PTPN7 acts preferentially on tyrosine-phosphorylated MAPK1 (Mitogen-Activated Protein Kinase 1). This protein plays a crucial role in the regulation of T and B-lymphocyte development and signal transduction . The non-catalytic N-terminus of PTPN7 can interact with MAP kinases and suppress their activities, which is essential for the regulation of T cell antigen receptor (TCR) signaling .

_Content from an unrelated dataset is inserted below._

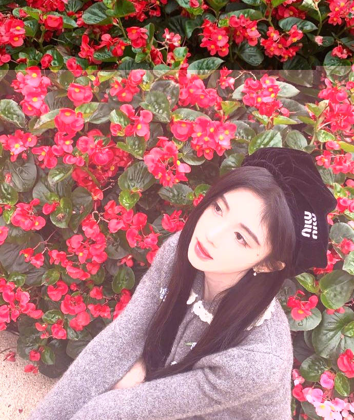 鞠婧祎蹲在地上賞花。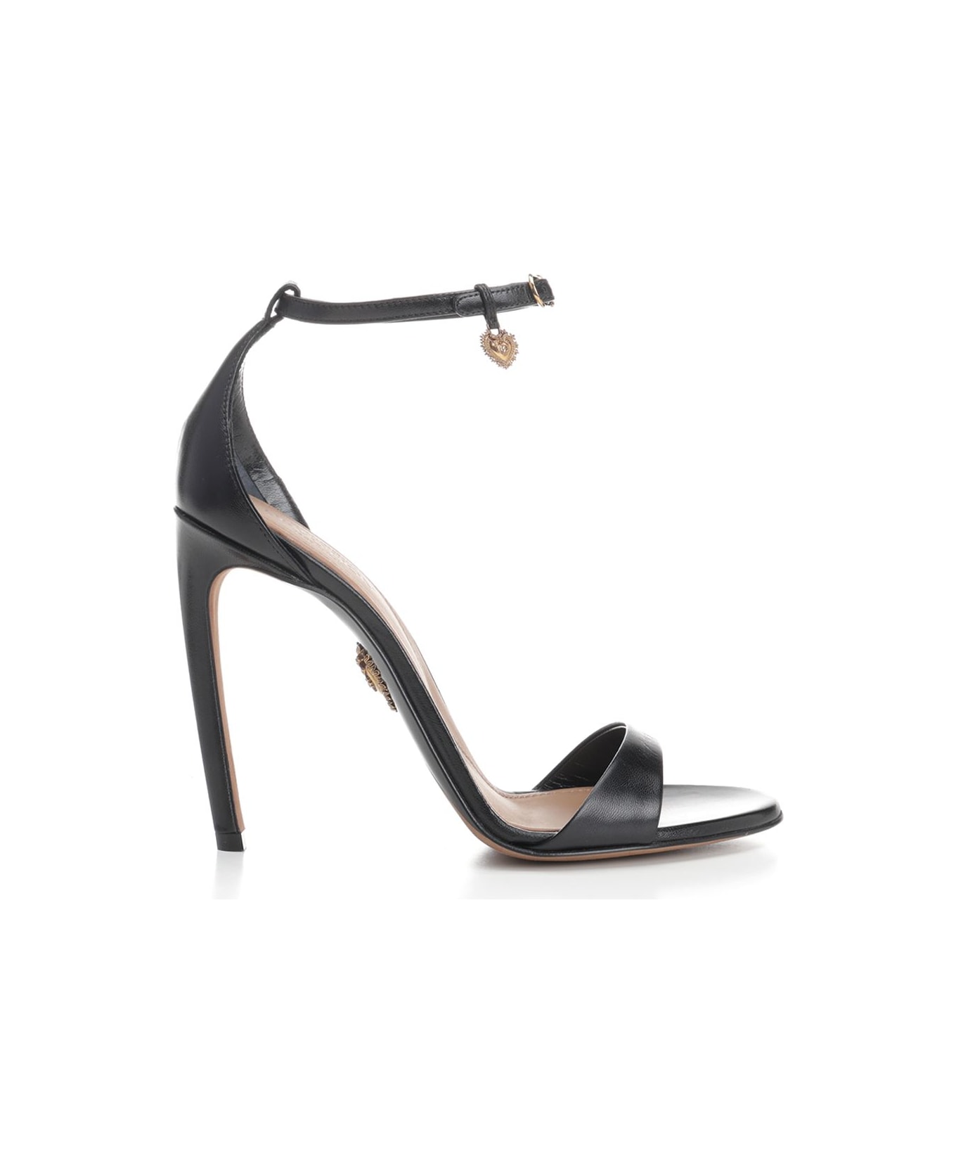 "Kira" high heel sandal in black patent leather from Dolce & Gabbana, with adjustable calfskin strap with logo buckle. Composition: 100%Capra

PTPN7 is preferentially expressed in a variety of hematopoietic cells and is an early response gene in lymphokine-stimulated cells . The expression of PTPN7 is regulated by various stimuli, including lipopolysaccharide (LPS), which acts as an endotoxin and elicits strong immune responses in animals . Stimulation of RAW 264.7 cells with LPS leads to a transient decrease in the levels of PTPN7 mRNA and protein .

PTPN7 has been shown to act as a negative regulator of pro-inflammatory TNF-α (Tumor Necrosis Factor-alpha) production in macrophages . Overexpression of PTPN7 inhibits LPS-stimulated production of TNF-α, while knock-down of PTPN7 increases TNF-α production . This indicates that PTPN7 plays a critical role in modulating the inflammatory response in macrophages by negatively regulating the extracellular signal-regulated kinase 1/2 (ERK1/2) and p38 pathways .

Given its role in regulating immune responses and cell signaling, PTPN7 is of significant interest in the context of diseases such as juvenile myelomonocytic leukemia . Understanding the function and regulation of PTPN7 can provide insights into potential therapeutic targets for treating immune-related disorders and certain types of cancer.

Recombinant human PTPN7 is produced in E. coli and is a single polypeptide chain containing 384 amino acids with a molecular mass of 43.1 kDa . This recombinant protein is used in various research applications to study its function and role in cellular processes.